Action item —
Repeat everything in the data exactly except images.

Information shown —
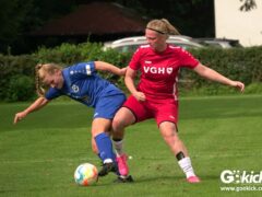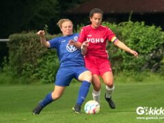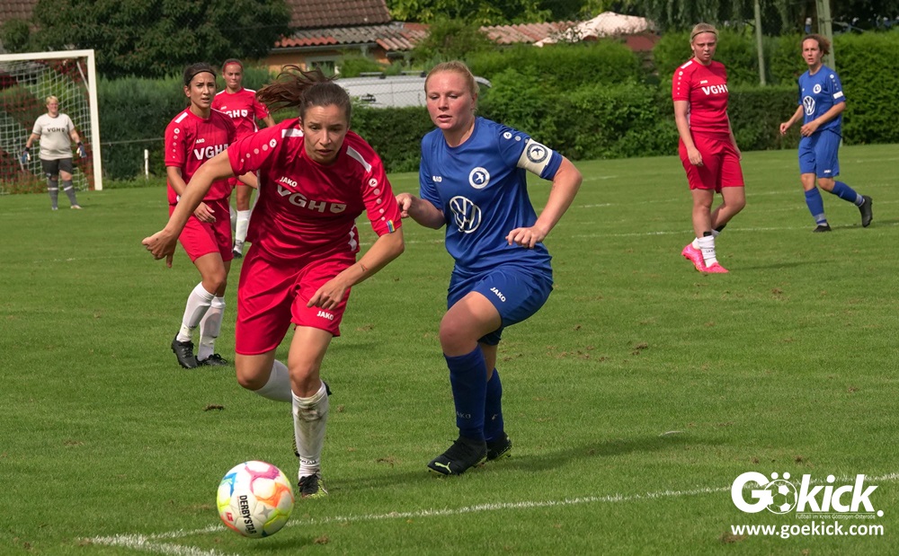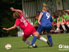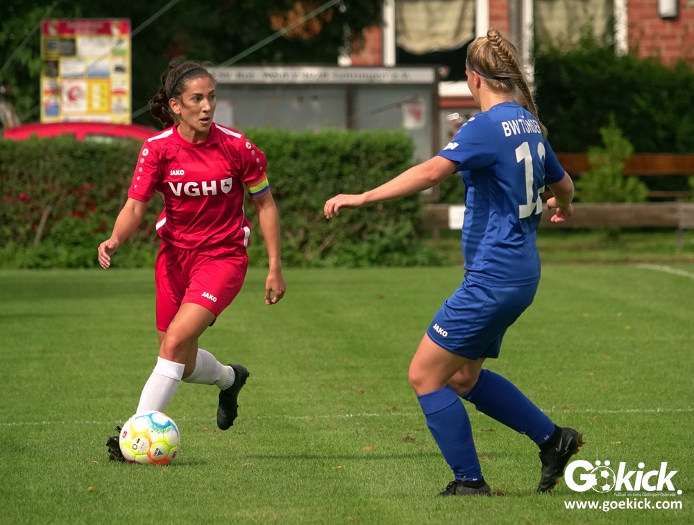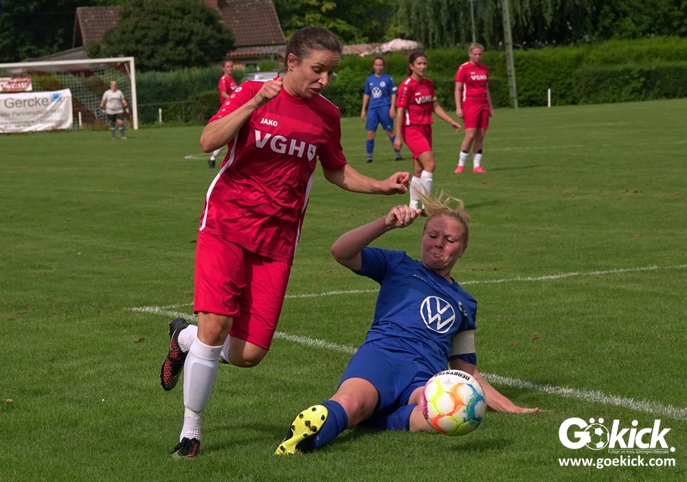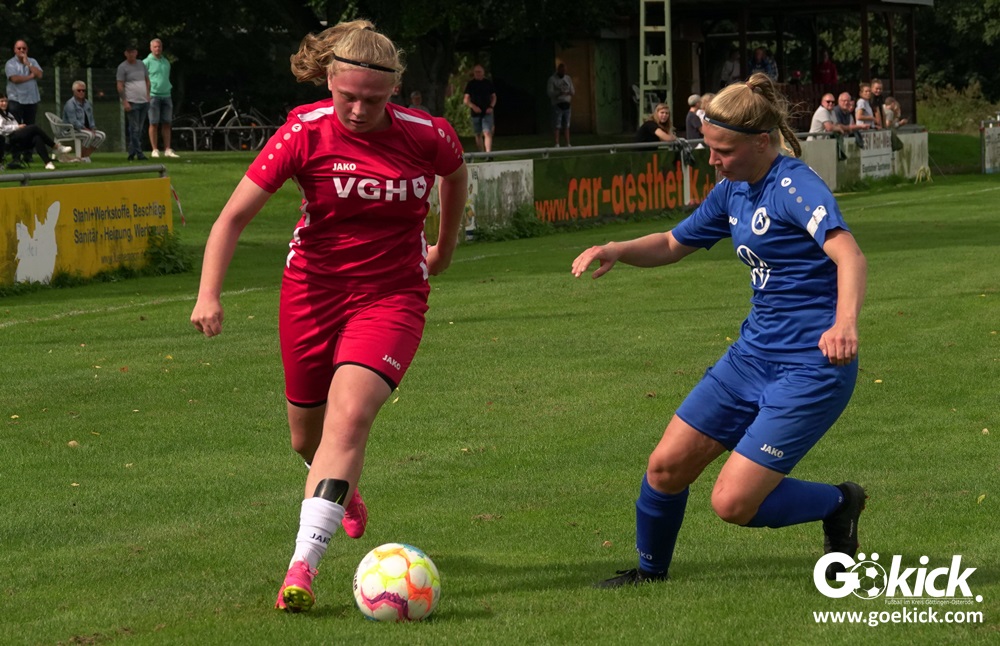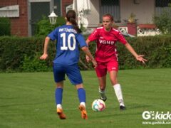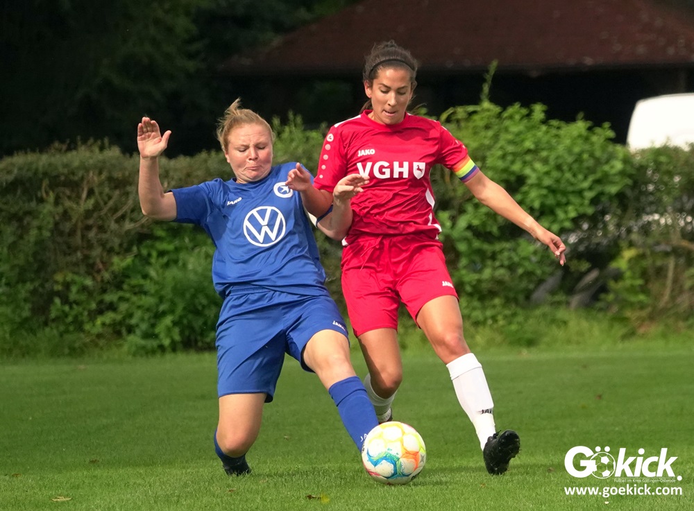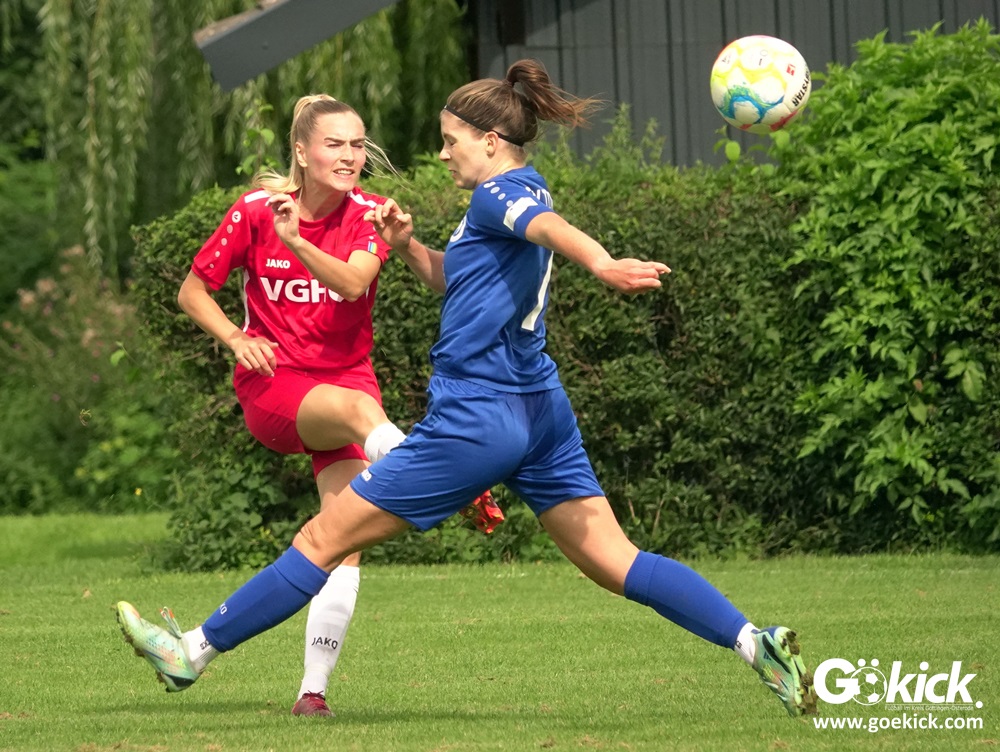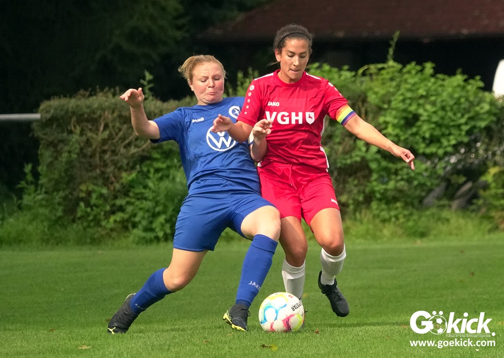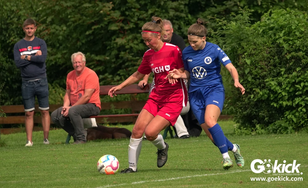 Die Zuschauer am Eisenbahner-Sportplatz sahen eine ausgeglichene Partie mit leichten Vorteilen für die Gastgeberinnen. Doch aus der Überlegenheit entstanden nur wenige echte Tormöglichkeiten – es wird immer noch eine echte Stürmerin bei Rot-Weiß vermisst. Zumindest für einen Kurzeinsatz reichte es für Torjägerin Janett Wochnik bereits. Nach 33 Spielminuten musste das Martin-Team dann sogar einen Gegentreffer schlucken: Mara Kaehler traf für den Landesliga-Hannover-Meister zum 1:0. Damit ging es nicht nur in die Halbzeitpause, das Ergebnis sollte auch bis zum Abpfiff durch Schiedsrichterin Alina Hausold Bestand halten. Im zweiten Heimspiel die zweiten Niederlage! Der ESV Rot-Weiß Göttingen entwickelt langsam einen Heimkomplex.
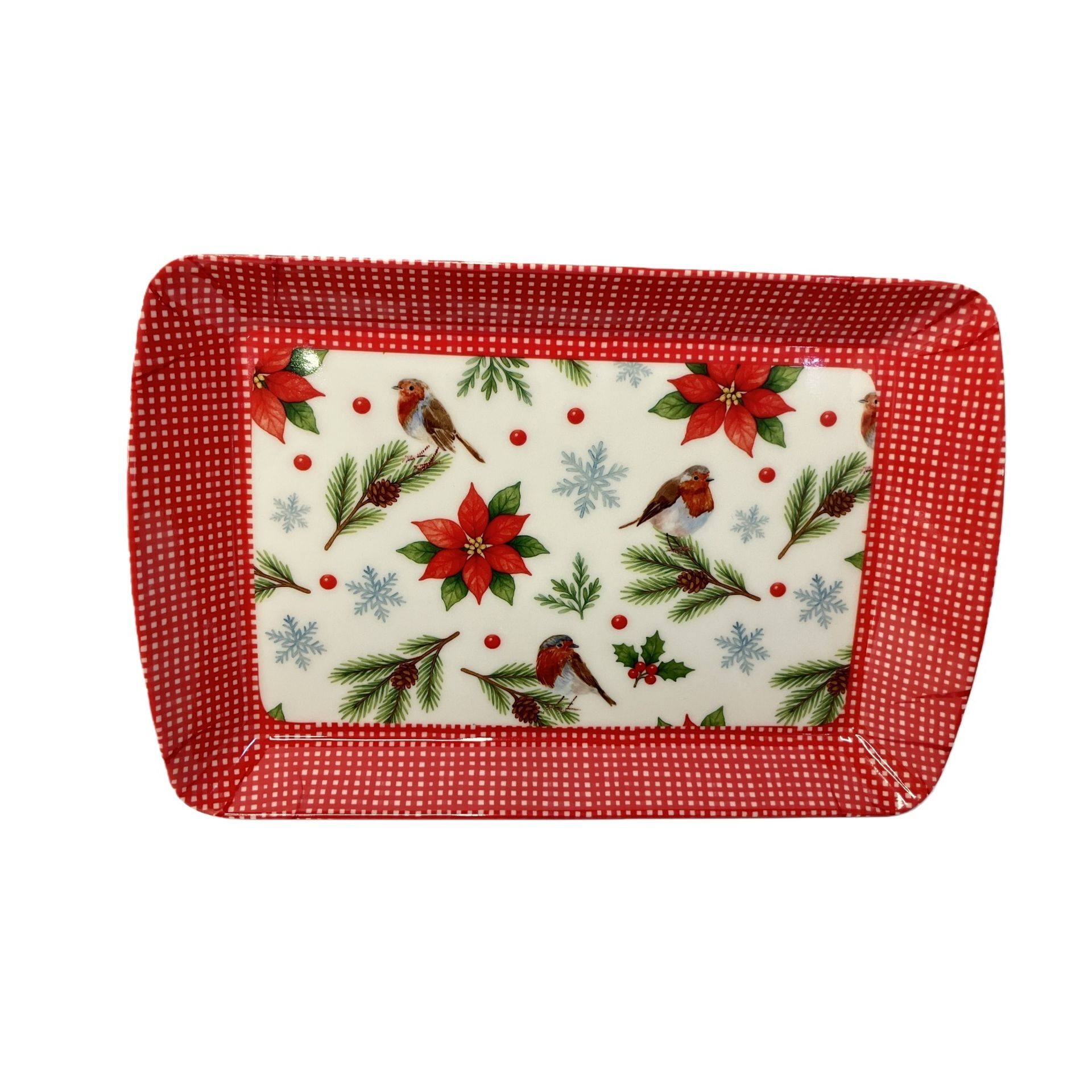 A festive platter featuring a pattern of red-breasted birds, poinsettia flowers, pine branches, and snowflakes, all framed by a red and white gingham border.
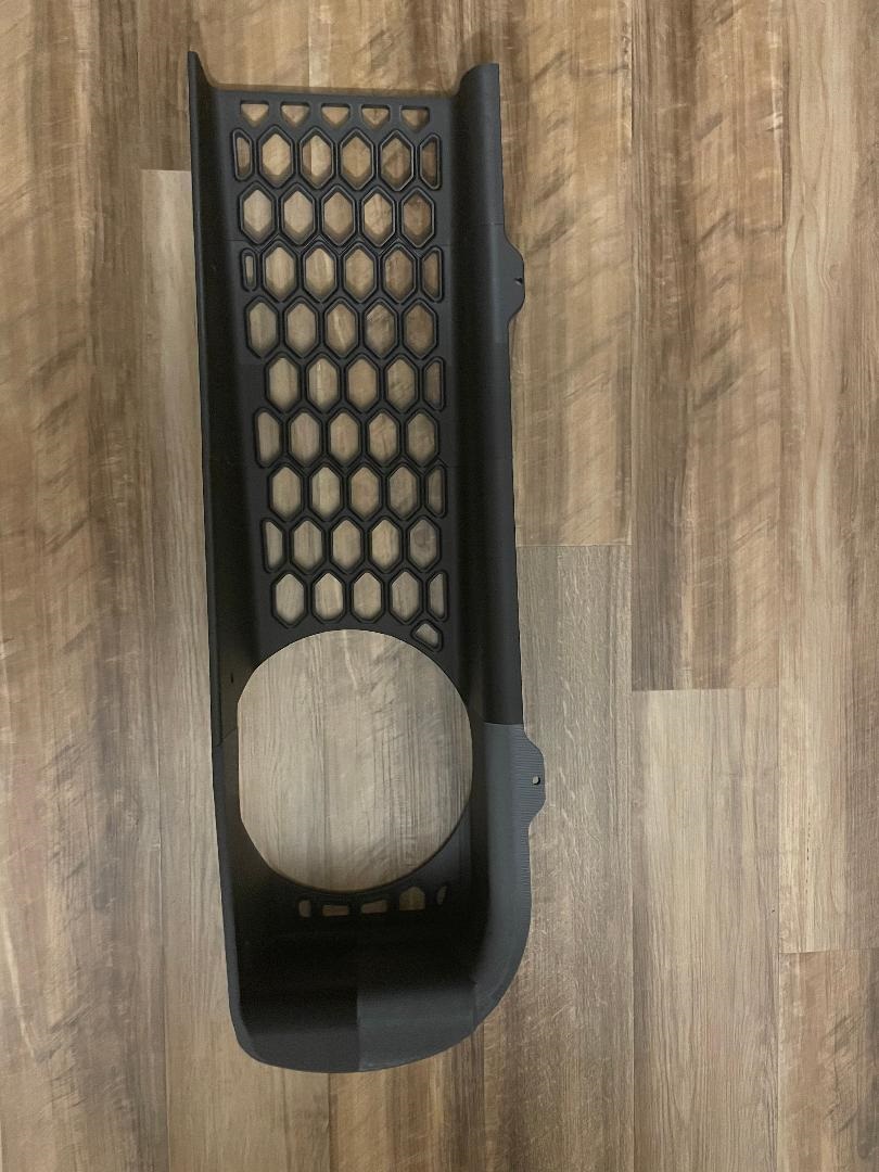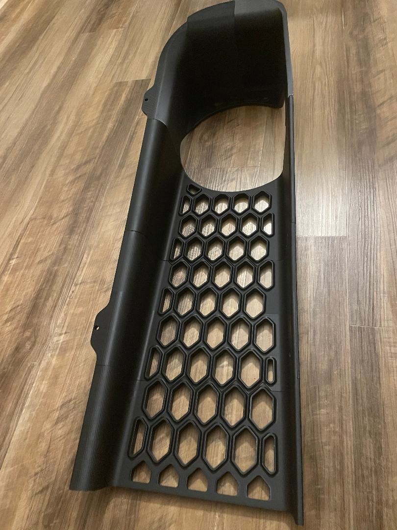 In continuing with my custom grill design, I had a few setbacks with having it 3D printed for test fitting. I was trying to save money and be cost effective by doing it out of foam at first, but that didn't work. They could never get the foam thick enough. So, I went ahead and opted for the 3D printed version. Here is the initial design. Still working on the mesh part. I'm pretty much locked in on the hex shapes. But the most important part are the dimensions and fit before sending the file to EVOD for CNC'ing. The mesh design can always be changed. Per Shaun at EVOD, the overall CNC cost will be significantly cheaper if the grill is made in two-halves and will bolt together in the center. Two billet blocks will be cheaper than one huge block to make the grill a one piece. Also, I picked up a NOS Caprice license plate holder from Ebay after Stielow posted it in his thread. I really needed this as I have the Ring Brothers battery charging ports where the fuel filler used to be. I had already been worried about how I'd charge the battery when the connections are in and the pressure from the Camaro license plate holder would be applied to them. The "flip down and stay" option of the Caprice plate frame holder was right on time.

Solution to the problem —
 Die Zuschauer am Eisenbahner-Sportplatz sahen eine ausgeglichene Partie mit leichten Vorteilen für die Gastgeberinnen. Doch aus der Überlegenheit entstanden nur wenige echte Tormöglichkeiten – es wird immer noch eine echte Stürmerin bei Rot-Weiß vermisst. Zumindest für einen Kurzeinsatz reichte es für Torjägerin Janett Wochnik bereits. Nach 33 Spielminuten musste das Martin-Team dann sogar einen Gegentreffer schlucken: Mara Kaehler traf für den Landesliga-Hannover-Meister zum 1:0. Damit ging es nicht nur in die Halbzeitpause, das Ergebnis sollte auch bis zum Abpfiff durch Schiedsrichterin Alina Hausold Bestand halten. Im zweiten Heimspiel die zweiten Niederlage! Der ESV Rot-Weiß Göttingen entwickelt langsam einen Heimkomplex.
 A festive platter featuring a pattern of red-breasted birds, poinsettia flowers, pine branches, and snowflakes, all framed by a red and white gingham border.
 In continuing with my custom grill design, I had a few setbacks with having it 3D printed for test fitting. I was trying to save money and be cost effective by doing it out of foam at first, but that didn't work. They could never get the foam thick enough. So, I went ahead and opted for the 3D printed version. Here is the initial design. Still working on the mesh part. I'm pretty much locked in on the hex shapes. But the most important part are the dimensions and fit before sending the file to EVOD for CNC'ing. The mesh design can always be changed. Per Shaun at EVOD, the overall CNC cost will be significantly cheaper if the grill is made in two-halves and will bolt together in the center. Two billet blocks will be cheaper than one huge block to make the grill a one piece. Also, I picked up a NOS Caprice license plate holder from Ebay after Stielow posted it in his thread. I really needed this as I have the Ring Brothers battery charging ports where the fuel filler used to be. I had already been worried about how I'd charge the battery when the connections are in and the pressure from the Camaro license plate holder would be applied to them. The "flip down and stay" option of the Caprice plate frame holder was right on time.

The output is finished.